As for women’s equality, she says it’s not about asking for special treatment, it’s about being afforded an opportunity to participate on a level playing field with male counterparts. In 2012, the Army made history for being the first branch of the military to open all military occupations and positions to women. Since then, some women have proven their mettle by earning their distinction as Army Rangers, Green Berets, combat engineers, and most recently, the first female Commander of the Army Reserve. “But we still need to work on more leadership, preferably Command, positions for women. I think 2020 has been a good year for female leaders and that lets me know that it is doable,” said Johnson.
“Behind every successful person is a support tribe,” said Johnson. She says her parents and two older sisters, Helen Calloway and Cassandra Johnson, have been her biggest cheerleaders and advocates. “My sisters remind me often that I can accomplish anything by remaining focused on God, and by putting the necessary work in,” said Johnson.
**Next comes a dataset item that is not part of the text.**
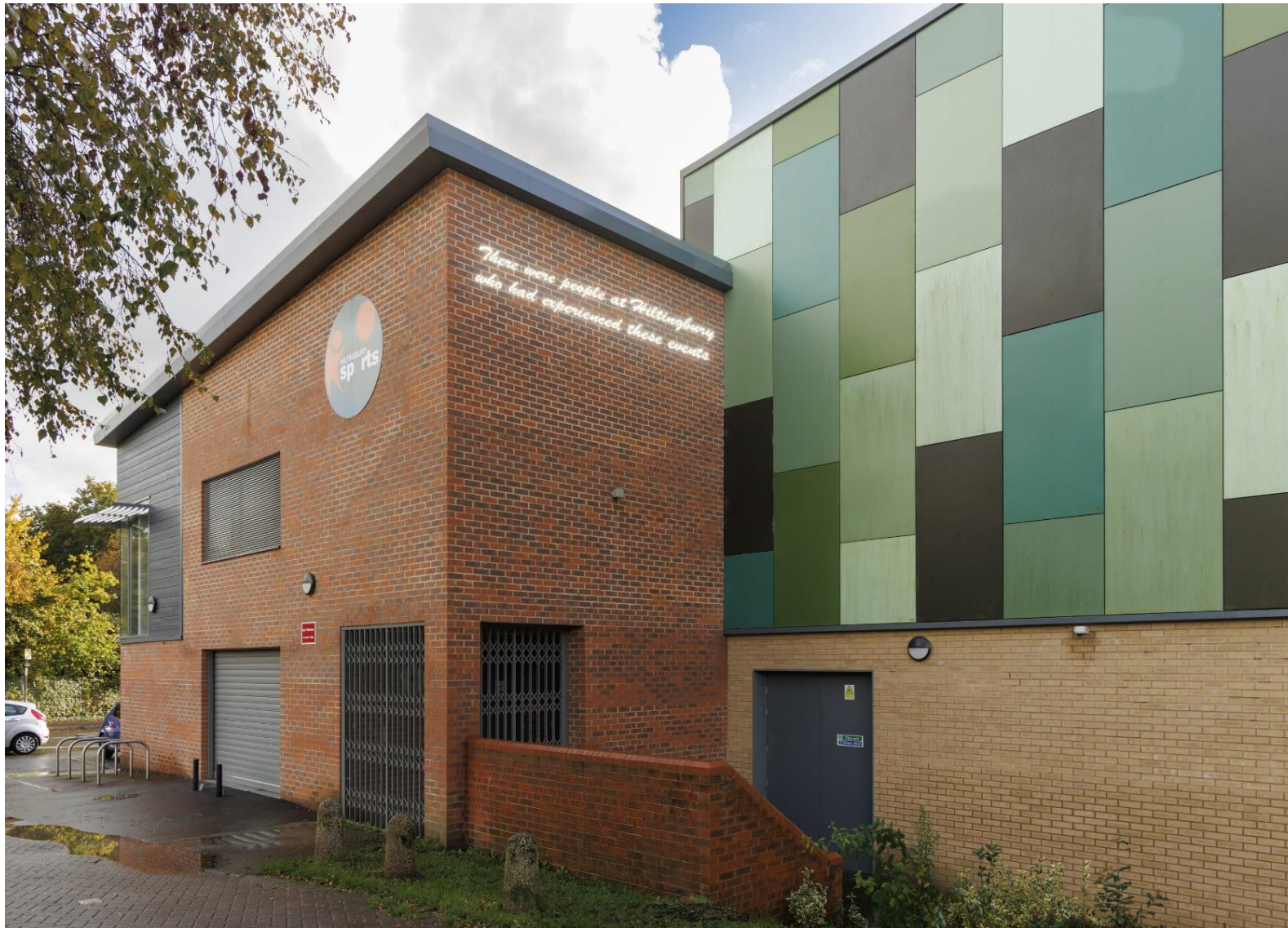
Fig. 1: View of proposed sign work on Hiltingbury Sports from the path leading to The Hilt.

In the Army, retired Brigadier General Barbara L. Owens, Major General Tammy Smith, retired Brigadier General Tia Young, retired Brigadier General Donna Williams (former Fort Hunter Liggett commander) and Col. Peggy McManus are just a few of the many women Johnson looks up to. “They forged a clear path for the lieutenant colonels and other aspiring females to come behind them,” said Johnson. “We have strength in our collective abilities as women, and I am a believer that some of the best leaders I have worked with have been female,” said Johnson. “I want to continue paving a distinct path for other women to follow behind me.”
Johnson believes that women are competitive with their male counterparts physically, mentally and emotionally. When it comes to the mental and emotional aspects of leadership, “gender should be irrelevant,” said Johnson. “We all are different but our diversity makes us stronger as a whole.” The Army wins when we, as an organization, acknowledge our diversity and when we are intentional about inclusion.